There's another cost, that of backwards compatibility. Moving a module
from one package to another means that code that depends on it needs to
update its package dependencies. If moving a module to another package
also means changing the module's name, then the client code has to be
updated too.

> Since you desperately want it, and I'm the one who
> wrote it, this whole work will need to be done by one of us.  Since
> we're both busy with other things, it would be temptingly easy to just
> defer it for later -- just add that `require' in and be done with it.

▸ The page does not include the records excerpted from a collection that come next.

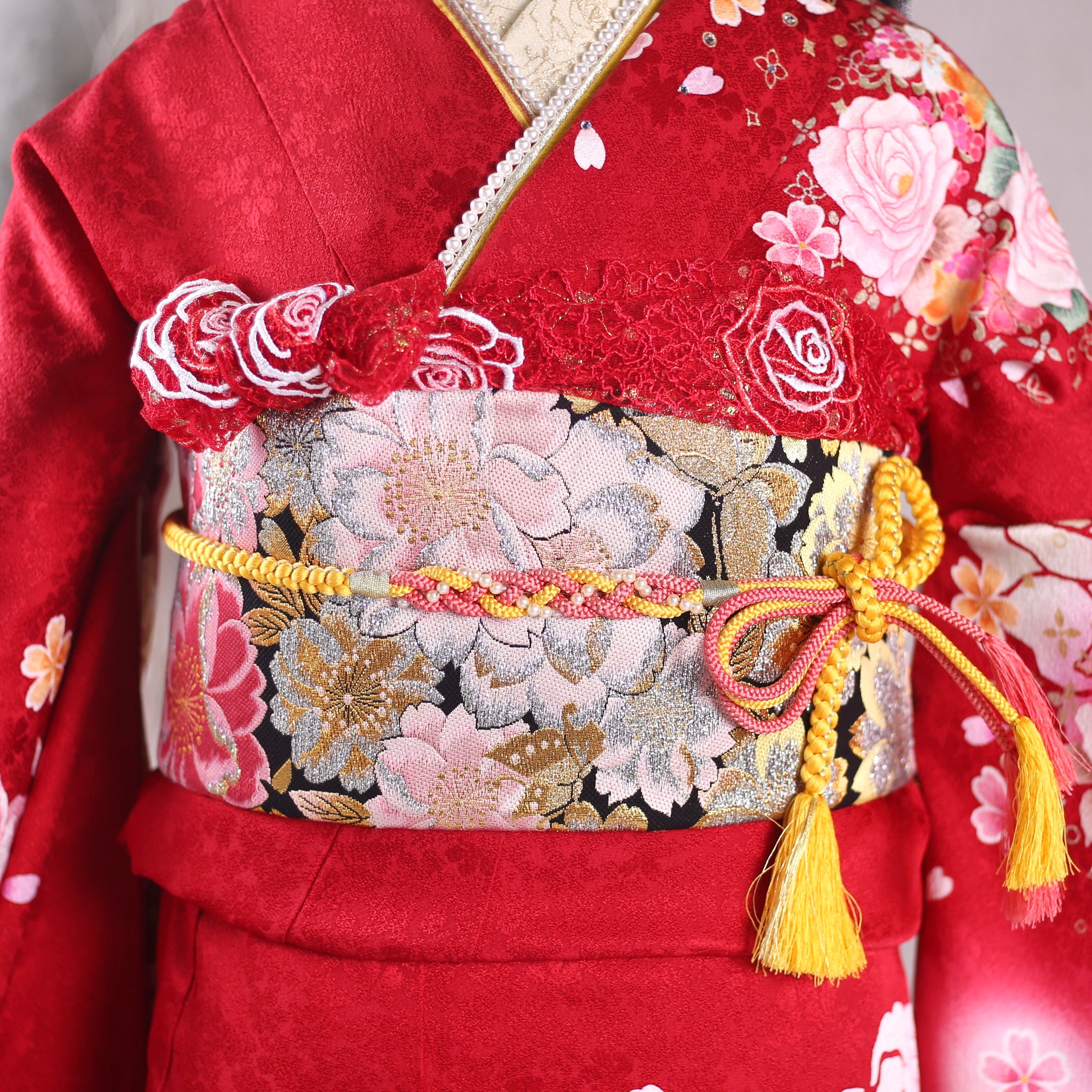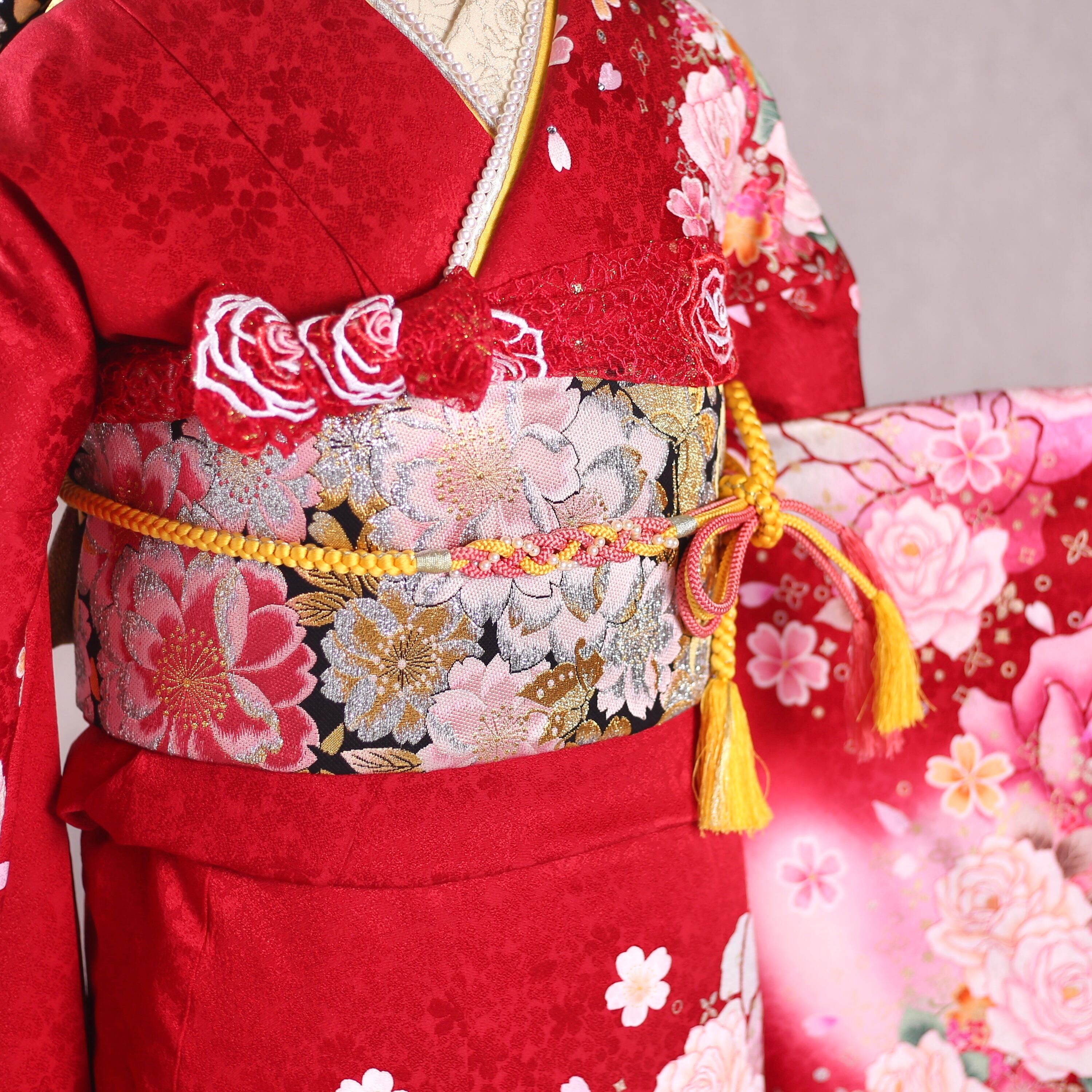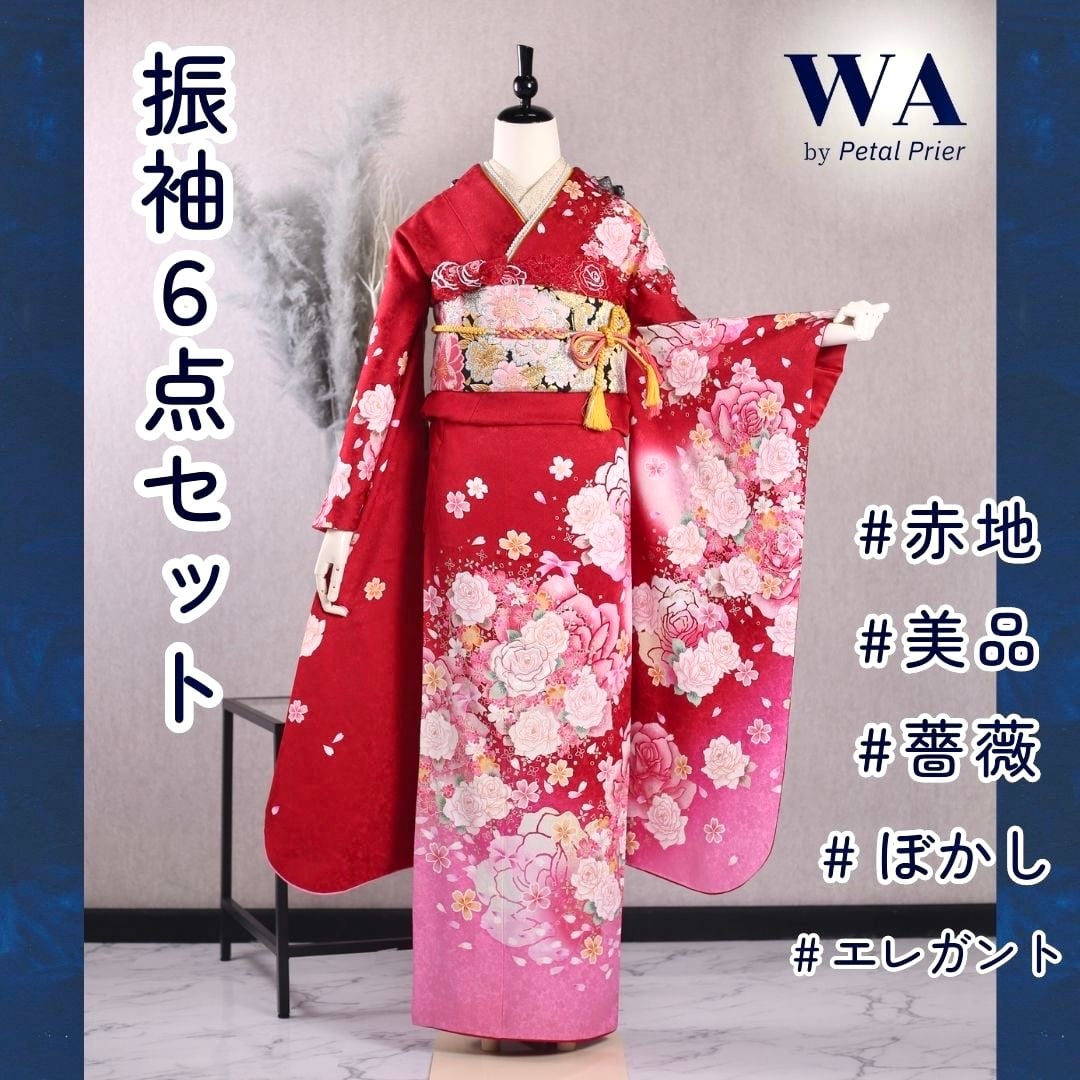 振袖フルセット 振袖セット 振袖 S〜Mサイズ 赤×バラ 美品 成人式 着物 晴れ着 6点セット KFN-18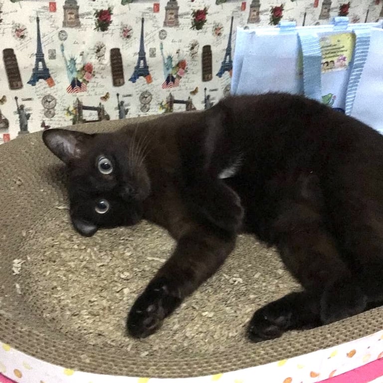 รอยตำหนิ: มีขนสีขาวเล็กน้อยที่ระหว่างช่วงอกก่อนถึงท้อง มีแผลเป็นบริเวณจมูกขนมีลักษณะสีน้ำตาลเข้ม-ดำ ตาสีเขียว น้ำหนัก 4-5 kg อายุ 5-6 ปี นิสัยขี้กลัว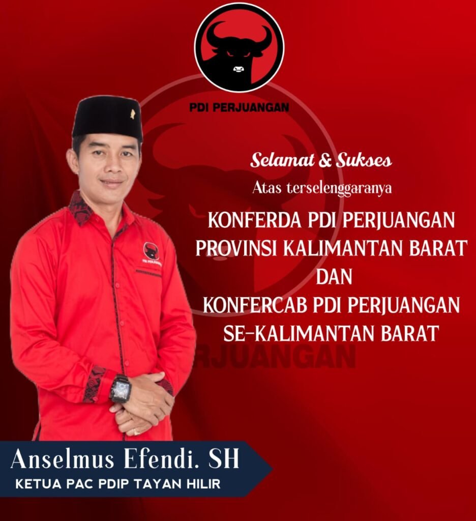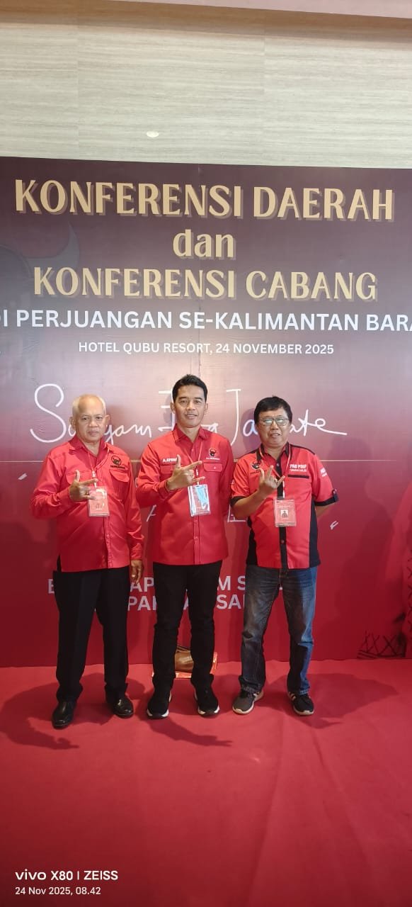 Pontianak, Senin, 24 Nopember 2025. Bapak Anselmus Efendi, SH selaku Ketua PAC PDI Perjuangan Tayan sekaligus Anggota DPRD Kabupaten Sanggau menyampaikan ucapan Selamat dan Sukses atas terselenggaranya Konferensi Daerah (Konferda) PDI Perjuangan Provinsi Kalimantan Barat dan Konferensi Cabang (Konfercab) PDI Perjuangan se-Kalimantan Barat yang dilaksanakan di Kota Pontianak.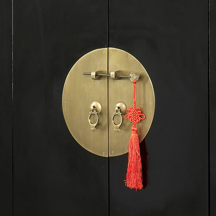 Avec sa quincaillerie circulaire authentique en laiton et ses charnières comme on le voit sur de nombreuses pièces originales de meubles chinois. L'espace interne au-dessus de l'étagère mesure L102 x H65 cm (convient pour un téléviseur de 37" et jusqu'à 42"), il y a également un espace sous l'étagère pour les lecteurs DVD, les Sky box, etc. qui mesure 15 cm de haut. Avec l'ajout de deux tiroirs au bas de l'armoire, parfaits pour ranger d'autres unités multimédias.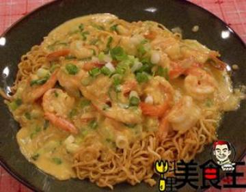 第二种:面食菜谱材料:,鸡蛋意面4把,奶水半杯,大白虾15只,葱花2大匙,蒜末1大匙,起士片2片,奶油1大匙,蛋黄粉2大匙做法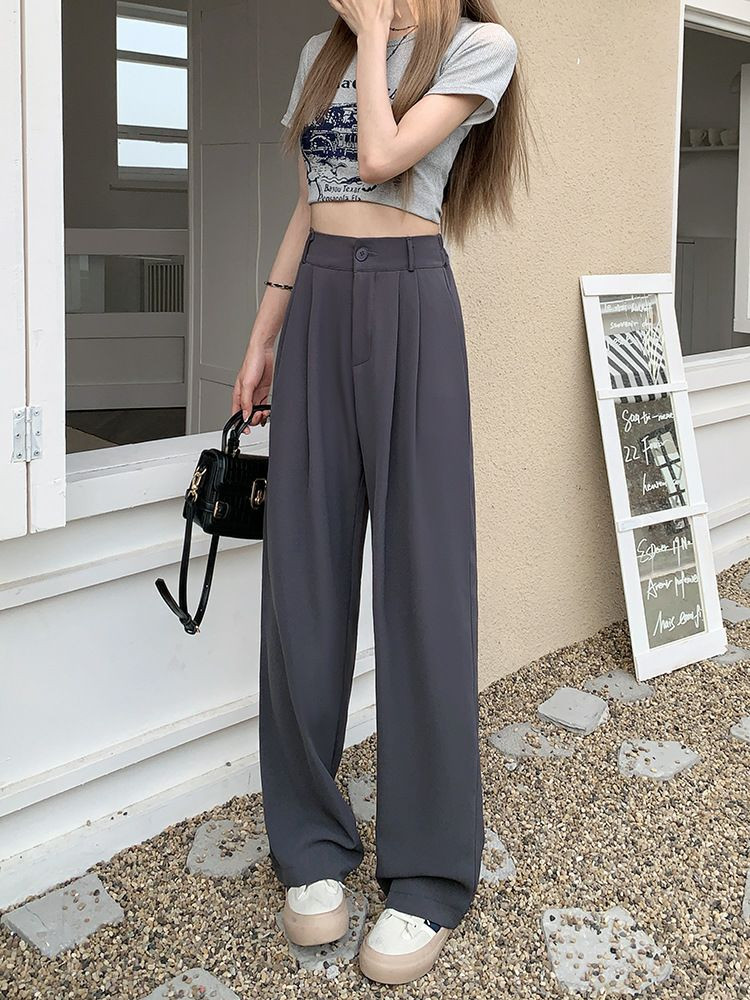 Pantalons élégant de costume  avec taille élastique, pantalons décontractés slim, pantalons larges amples d'été, pantalons drapés taille haute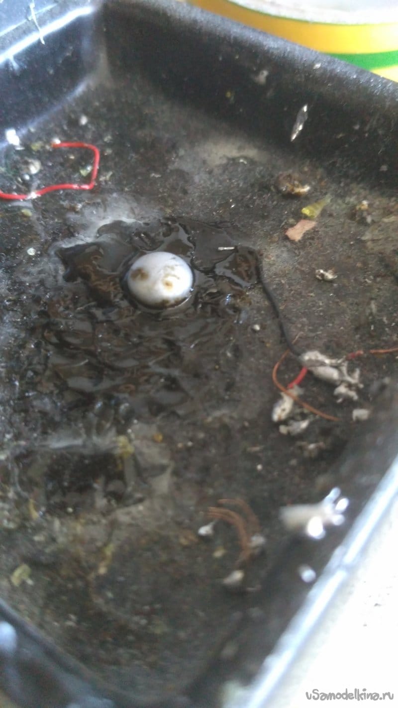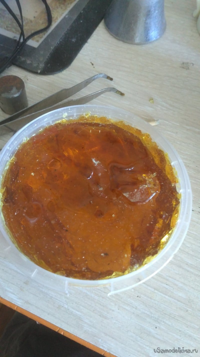 И теперь возникает вопрос, как извлечь шарик металла из твёрдой смолы? Это не так сложно, достаточно расплавить смолу рядом с шариком и как можно быстрее пинцетом зацепить и вытащить его из полужидкой смолы.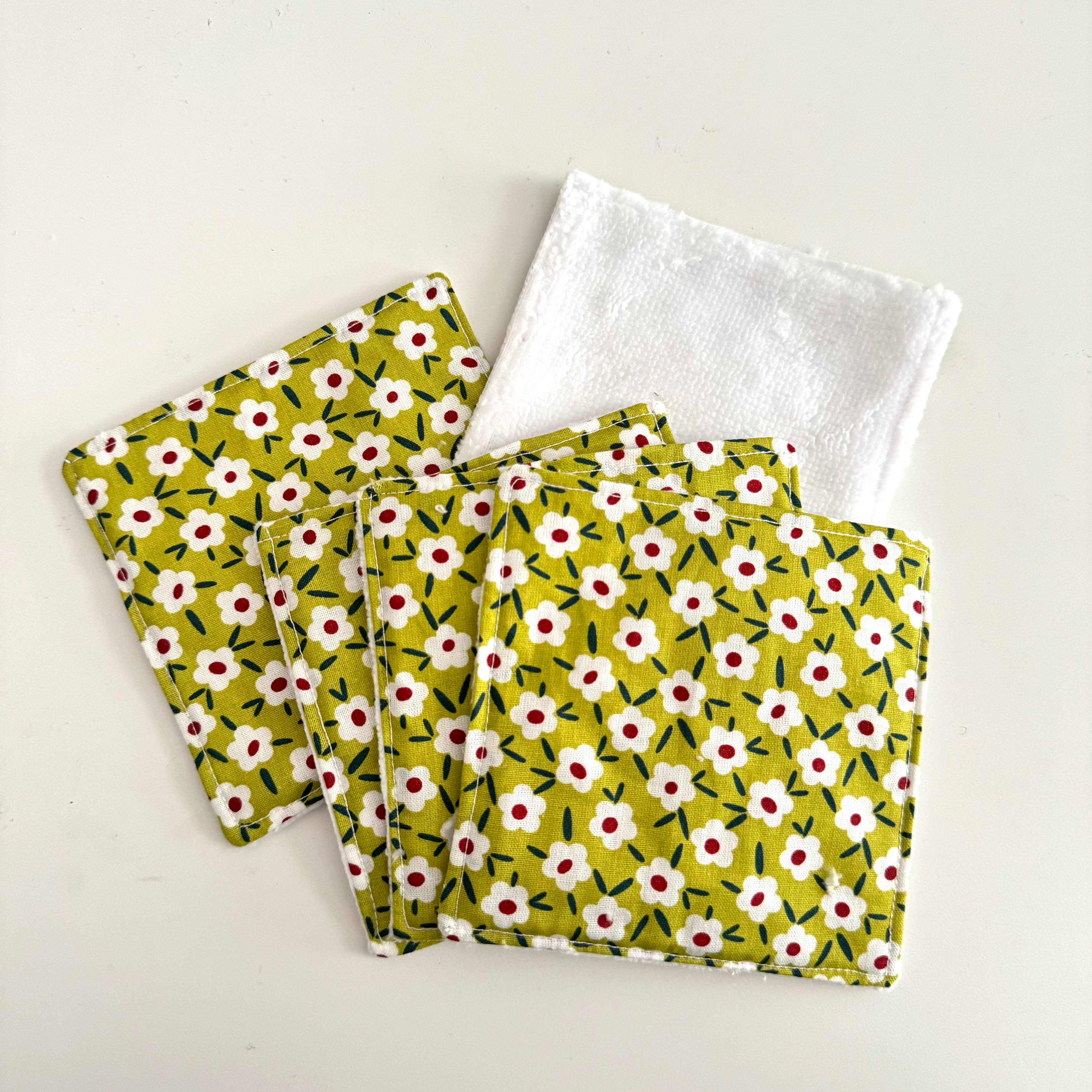 Toallitas lavables con un lado de algodón estampado y el otro lado de rizo de bambú 100 % orgánico. Son ideales para eliminar el maquillaje suavemente o para limpiar a tu bebé. Cada toallita mide aproximadamente 10 x 10 cm. Además, está disponible una cesta a juego para guardar las toallitas o cosméticos.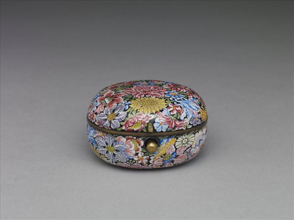 橢圓形掀蓋銅盒。器表通體先上一層白色底釉, 再以紅、黃、藍、白等色滿繪向日葵、水仙、雛菊等百花, 餘填黑色地釉。盒內罩淺藍色釉, 蓋沿寫「雍正年製」(1723-1735)單行黑料楷書款。紋飾設計與光影點染, 深受西洋風格影響。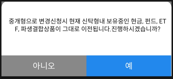 변경이 가능한 경우, 앱이나 지점을 방문하여 변경 신청을 하면 됩니다. 만약 변경 메뉴가 없다면, 기존처럼 ETF를 매도한 후 새롭게 중개형 계좌를 개설해야 합니다.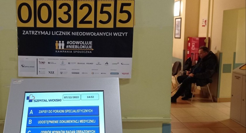 W Szpitalu Wolskim zobaczyć można licznik nieodwołanych wizyt. Aktualnie widnieje na nim liczba 3250. Wyłączono z użytku także miejsca, które zajęliby pacjenci, którzy nie przybyli na wizytę – ma to symboliczny wydźwięk i zwraca uwagę na problem.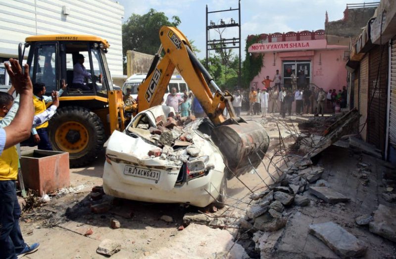 जयपुर। जोरावरसिंह गेट के बाहर मंगलवार दोपहर छज्जा और करीबन 25 फीट लंबी दीवार गिर गई। जिसके नीचे एक कार और दो मोटर साइकिल पूरी तरह से क्षतिग्रस्त हो गई। पार्किंग की जगह और उस वक्त गाड़ी में कोई नहीं होने से किसी को कोई चोट नहीं आई है।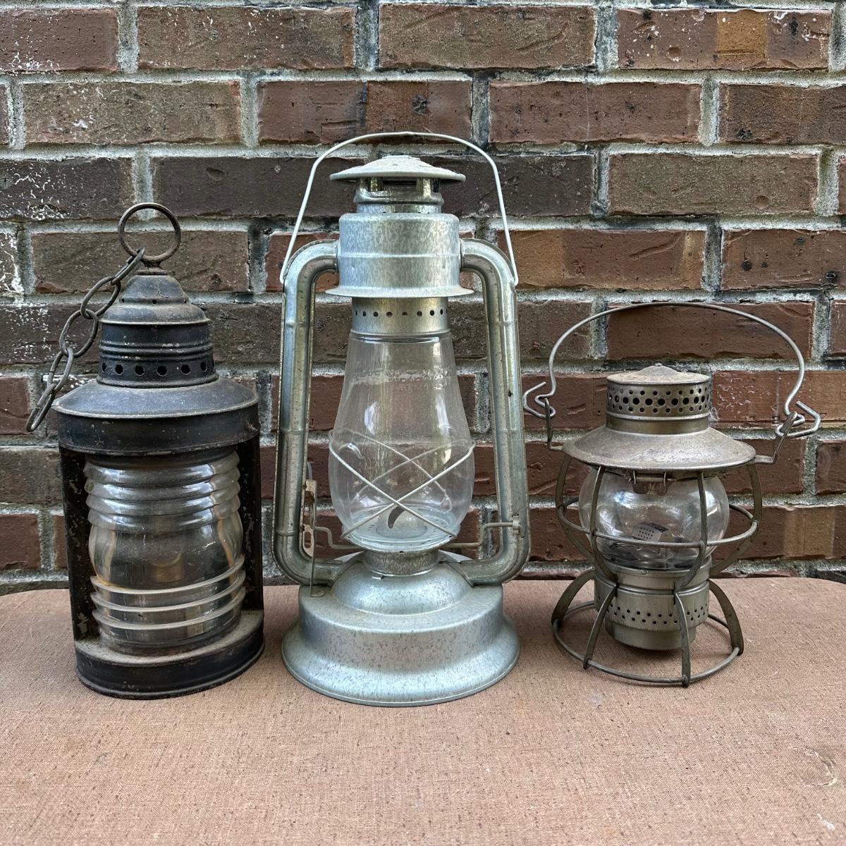 LOT 71P: Vintage Dressel W.T. Kirkman Champion Clear Glass Lantern, Dressel Lantern & More

> IMO, the above problems are real, which makes this easy-way-out
> solution an offence.  As things stand, nobody will see it since
> they're distributed together anyway -- but when we run into the above
> problems and when they get to the point that they *require* a solution
> (eg, swindle gets too broken and is dropped, its copyright changes,
> its author moves to tibet and becomes a monk), *someone* will need to
> step up and solve them.  That someone will go over the code and move
> it, deal with the documentation, with the tests, fix bugs, and of
> course wash the windows and scrub all the pots that were left after
> the cooking for last nights party.  (And that gets to why I dislike
> unstable, even if someone else will do that laundry.)]

The issue I raised above is about one-third of the reason for unstable.
The other two are the no-compatibility disclaimer and the implicit
invitation to other developers to meddle, edit, and critique. If the
first problem is solved, I can see handling the other two in other ways.